# Building a Random Forest for photo classification using Scikit-learn: An introduction 


In this notebook, we build a Random Forest Classifier (RFC) in an attempt to classify bird species using scikit-learn and seaborn. 

Assumed background: Beginners in Machine Learning, some basic python knowledge (although not mandatory).

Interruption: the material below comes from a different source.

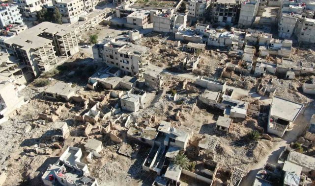 Suriye'de Esad rejiminin devrilmesinin ardından rejimin saldırıları sonucu kent ve kasabalarda oluşan hasarın boyutları her geçen gün daha da belirginleşiyor. Başkent Şam'a bağlı Deraya ilçesinde katliam yapan rejim uçaklarının bombaladığı yerle bir olan camiler görüntülendi. Rejimin çekilmesinin ardından Deraya ilçe meydanında bulunan ve enkaza dönen camiden geriye beton ve demir yığını kaldı.

Note, using RFCs to classify images is not the standard method of practice, but is useful to provide insights and comparisons between Convolutional Neural Networks (CNNs) and traditional methods. See ../Q2_CNN/Q2_CNN_Birds.ipynb for CNN methods. 

## Introduction
Image classification is a common and very useful technique in computing, and this skill is becoming increasingly in demand. Whilst Convolutional Neural Networks are a popular choice for image classification, this notebook combined with ../Q2_CNN/Q2_CNN_Birds.ipynb will provides insights into both traditional methods and CNNs.Before we begin, below is a quick overview of the dataset we will be using and how we will build the Random Forest Classifier:

Random Forest classifiers (RFCs) are a traditional Machine learning methods that identifies patterns in data by building many decision trees. Each tree infers the data and the model combines these to classify new unseen data. A classification tree splits data at each step by seperating the group by a certain feature. Each path from the root (top) to the leaf (bottom) represents rules used to classsify data. 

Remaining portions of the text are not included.